Part three! Here's where we take the turn off the deep end. But Before you do, enjoy yourself a little Pixane!
Happy reading!
8-10: Heather - Protection
Reflexes. Basic ones.
No need to go overboard, but being able to protect others and yourself is necessary in the world we live in today. Protection for those you love is important, and I guess you could say I'm in love with these machines.
Heather 1. Heather 2. Heather 3.
It had been a day. A day, that was all. Life was crazy and miserable, and everything and everyone was in danger but… nothing seemed wrong. Not to me. It didn't make sense. But, being able to talk with the team, for them to know I was alive, it was amazing.
"It was a reflective period. Sometimes it's nice to separate yourself and evaluate where you're at. Connect with the people you protect."
"I get it," Cole agreed. "Understand. Get back to the roots of why we're doing what we're doing, and what being a hero really means."
"And sometimes it's not the big things either." I held out my palm, a slightly faded purple star still stuck to my skin. "I keep this here to remind me of that."
"I bet there's an interesting story there."
I chuckled, remembering where I was, and who had given it to me. "Actually, it involves you."
"Really?"
"Yes.

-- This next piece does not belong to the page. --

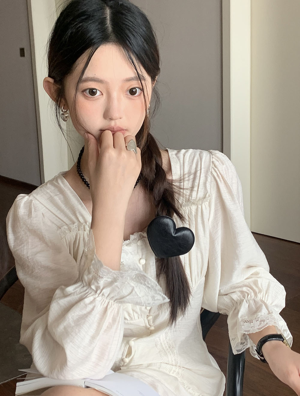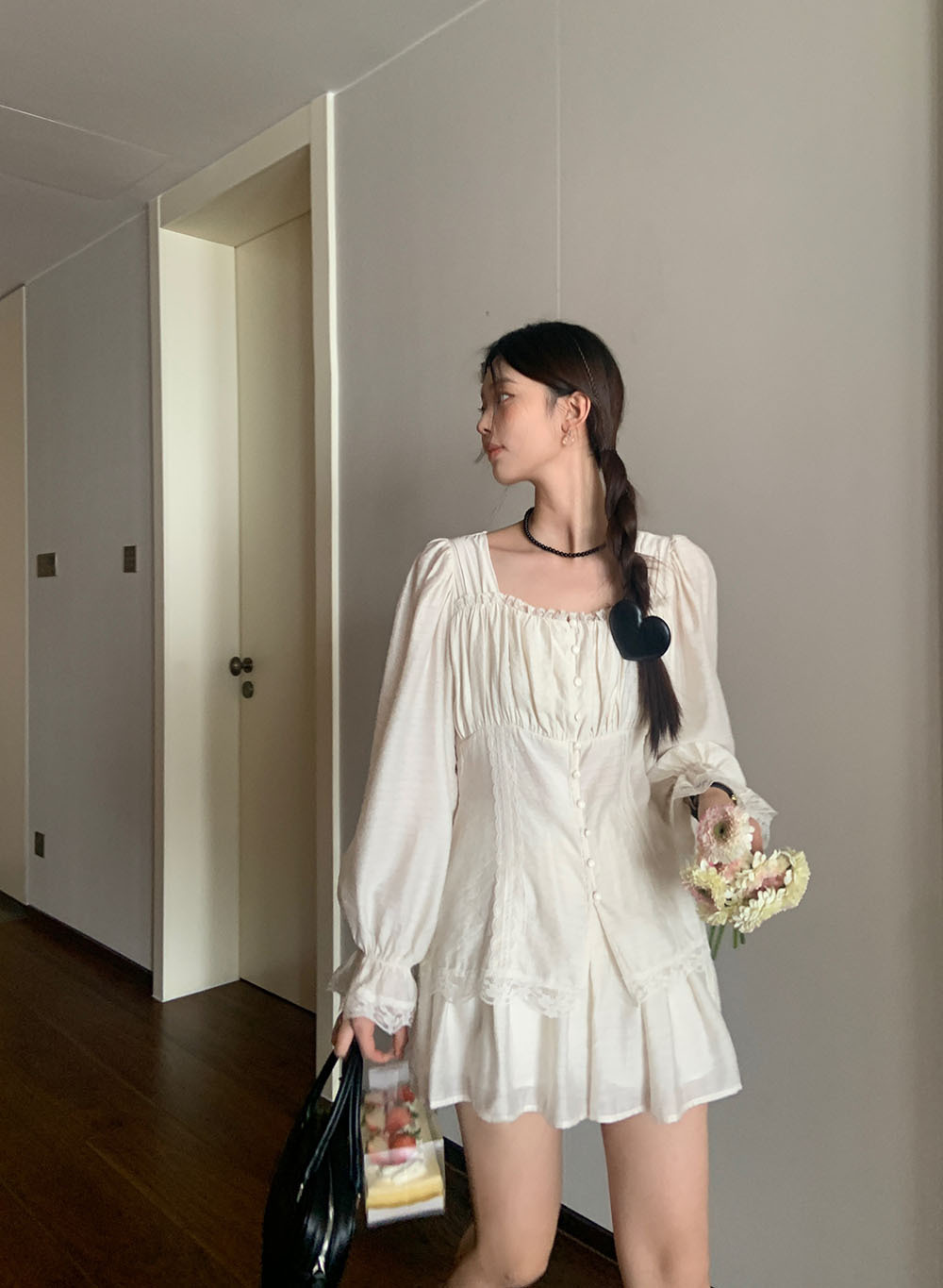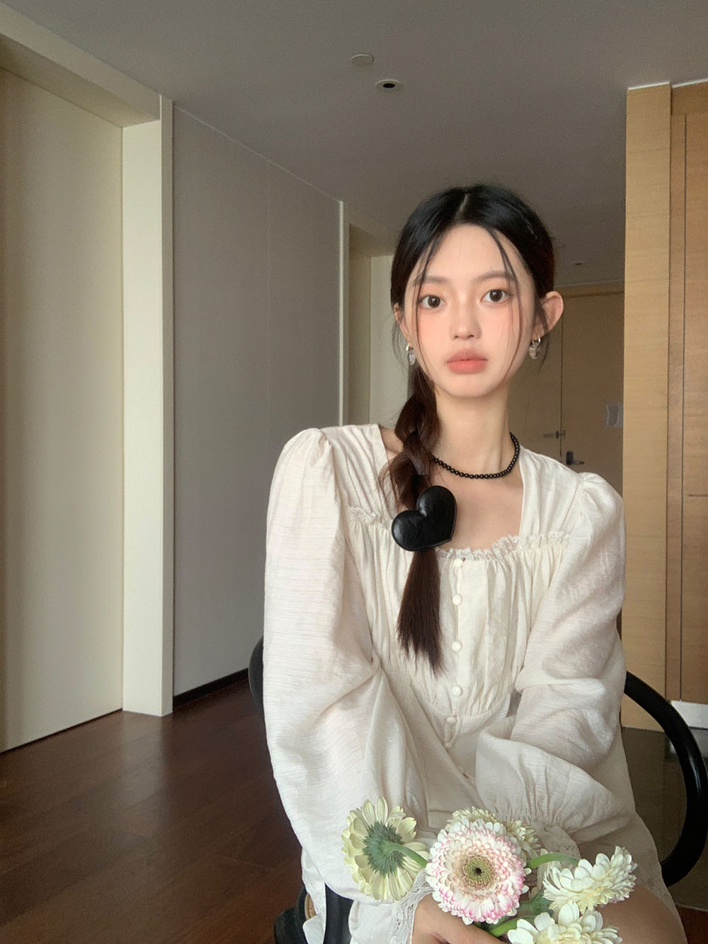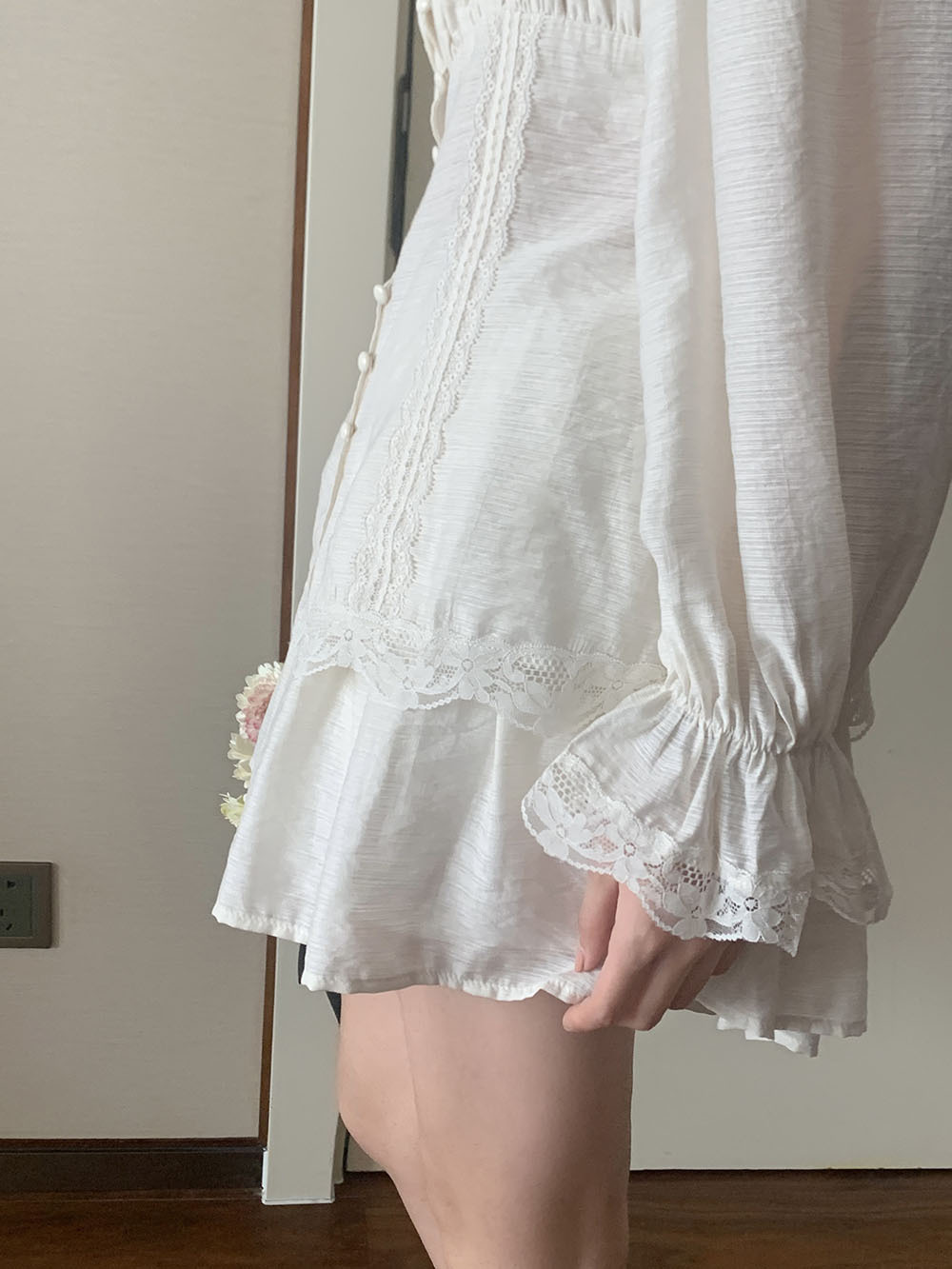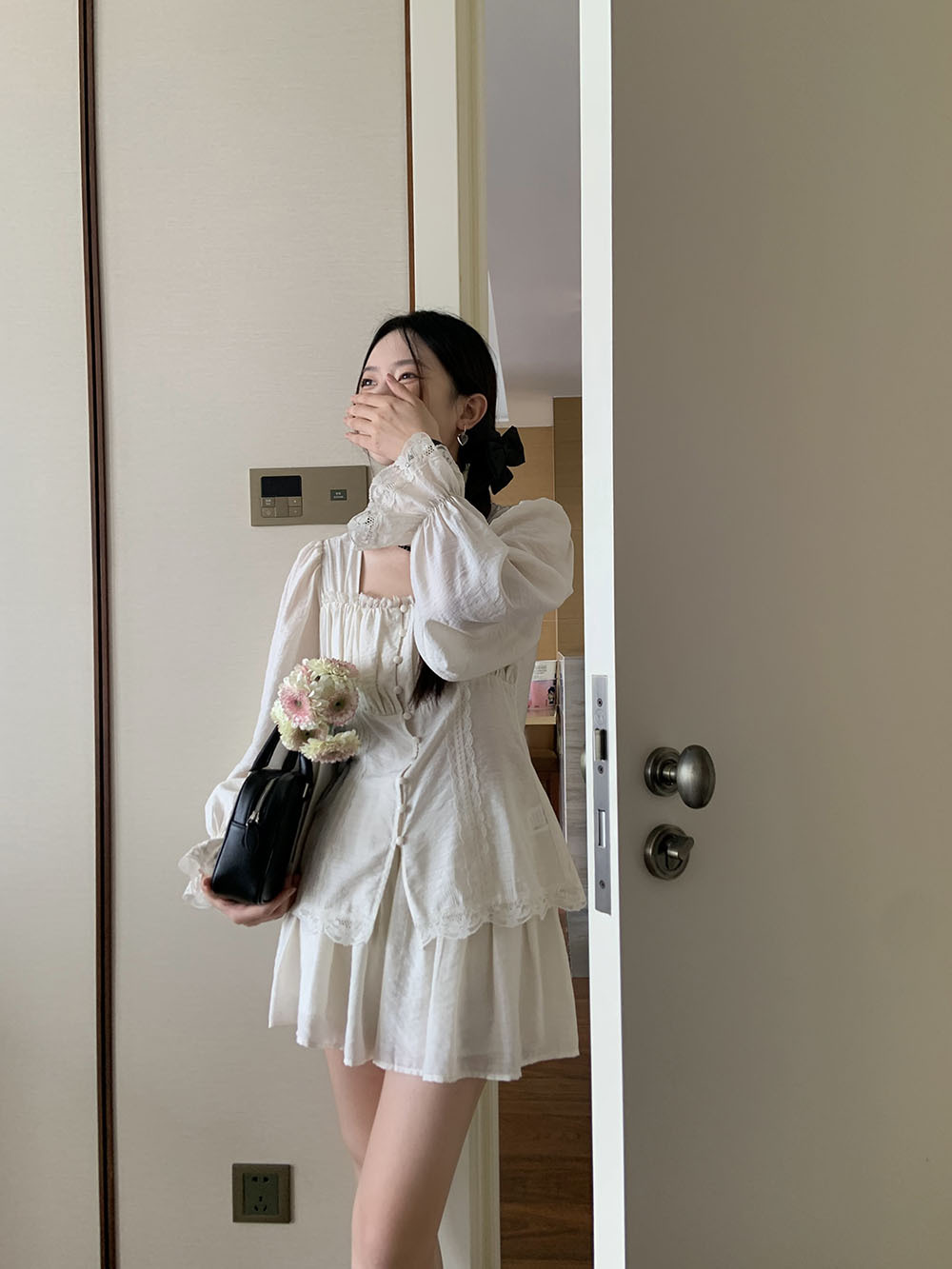 JMA-809 法式复古小众甜美蕾丝方领收腰衬衫+纯色显瘦休闲短裤套装

I was-"
I felt hands wrap around my waist as my body was lifted up into the air and spun around. When I landed, Zane's face was inches from mine.
"Zane!"
"Good morning."
We both laughed for a moment, our faces growing closer.
"I have something a want to show you." He broke his contact with me and instead started pulling me by the hand below deck.

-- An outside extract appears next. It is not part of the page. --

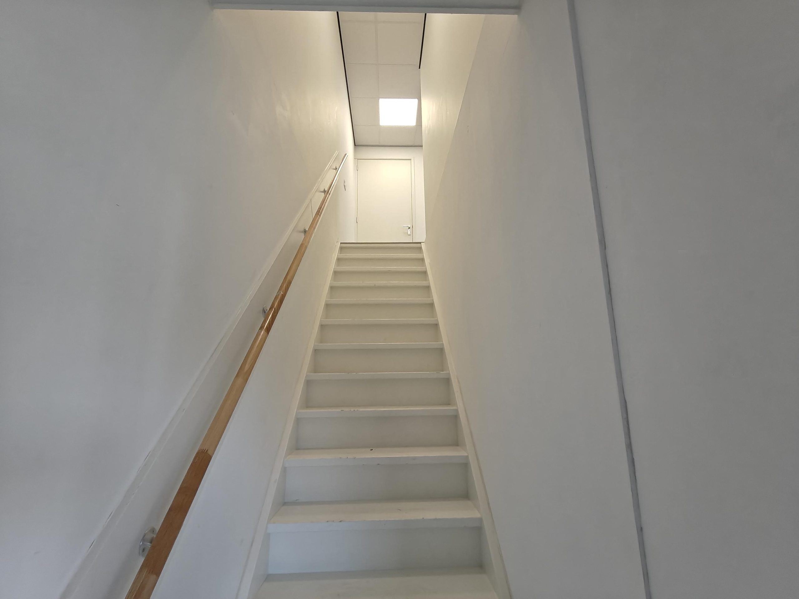 Entreedeur aan de zijkant van het object naar de gemeenschappelijke entreeruimte, vanuit hier is met een trap de eerste verdieping te bereiken. De eerste verdieping bestaat uit een grote kantoorruimte, een spreekruimte, een pantry en een toilet.

I turned around as he tugged me away to see a giddily smiling Cole. "I'll tell you later! I have something I need to do to you!" I called out to him.
"Do to me?"
"You'll see!"
"Have fun!" he called back.
I rolled my eyes and turned back around, giving all my attention to Zane. My lovely, beautiful Zane, that I could touch and feel and hug and… well, kiss I suppose would be the next logical word, but we hadn't exactly gotten that far yet.
He guided me into a room I recognized quite fully as sensei's small tea garden, a beautiful location below deck with windows surrounding the room like a greenhouse, and various plants lining the walls and the ceiling and the floor.

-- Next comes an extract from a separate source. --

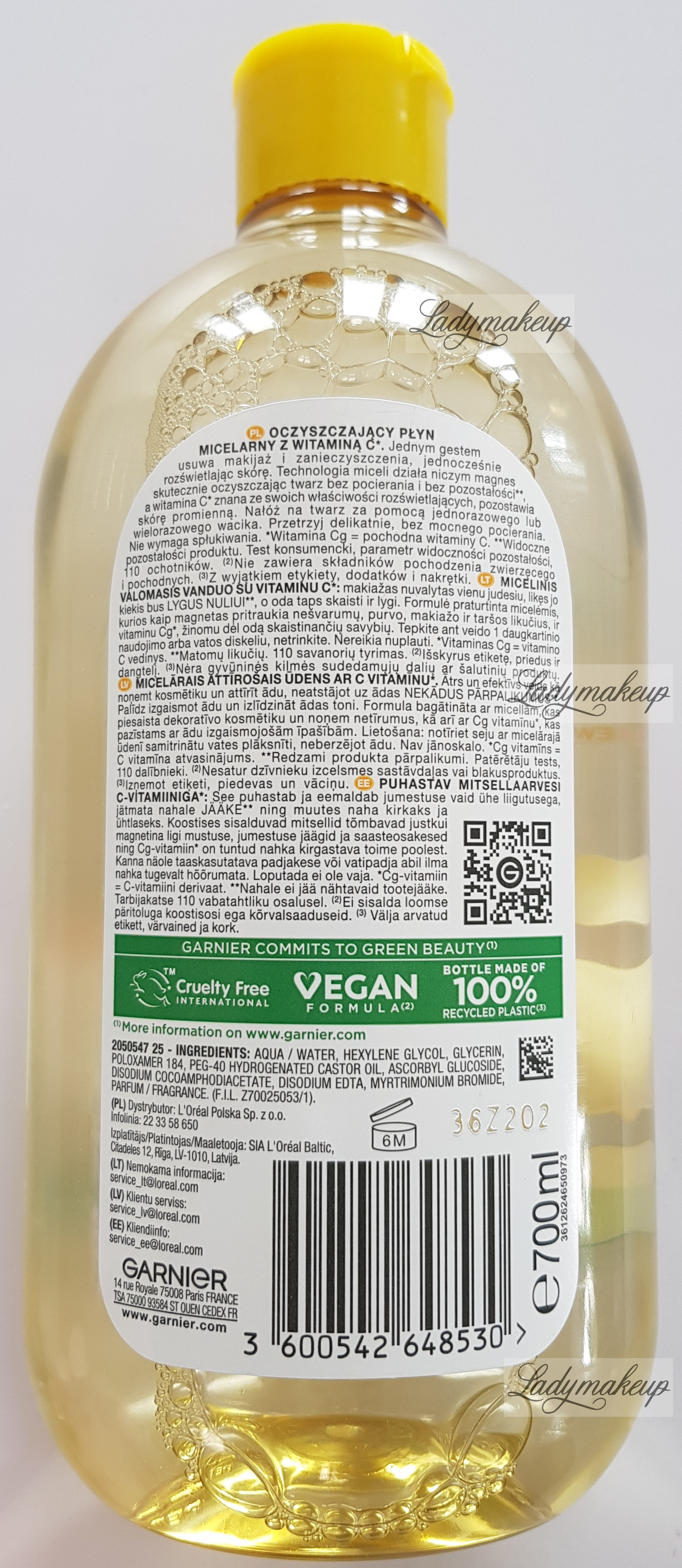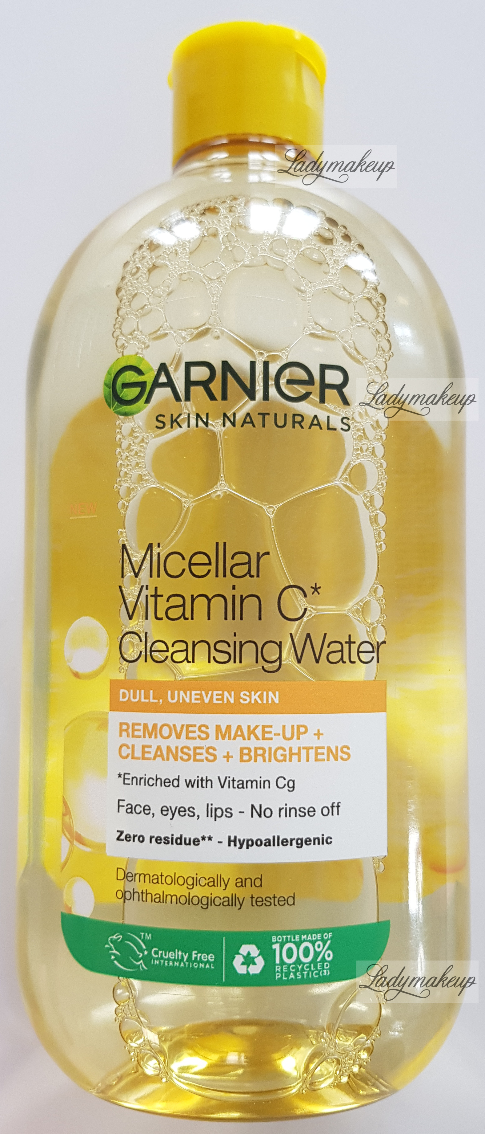 Płyn micelarny. Przeznaczony do każdego rodzaju skóry, także wrażliwej. Skutecznie usuwa makijaż i zanieczyszczenia, jednocześnie rozświetlając i rewitalizując skórę. Formuła oparta na micelach, które działają jak magnes, przyciągając zanieczyszczenia bez konieczności pocierania. Dzięki zawartości witaminy Cg w składzie skóra odzyskuje naturalny blask, wygląda na bardziej wypoczętą i odświeżoną. Kosmetyk jest testowany dermatologicznie i okulistycznie. Płyn micelarny Garnier został umieszczony w butelce o pojemności 700 ml, co sprawia, że jest bardzo wydajny i wystarcza na długi czas użytkowania.

"You kept it up while he's been gone," I smiled looking at the beautiful condition of everything in the room.
"We all helped out. Kai probably spent the most time here. He's not the best gardener, but he put all he had into it."
We spent a lot of time in here when I was a part of his systems. It was a quiet place where we could speak alone without bothering or confusing anyone.
"Cole kept watch on the soil, Nya kept up watering, Lloyd added lots of flowering plants. Jay added some small cactus plants so he wouldn't have to keep up too much maintenance. And I… decided to add-"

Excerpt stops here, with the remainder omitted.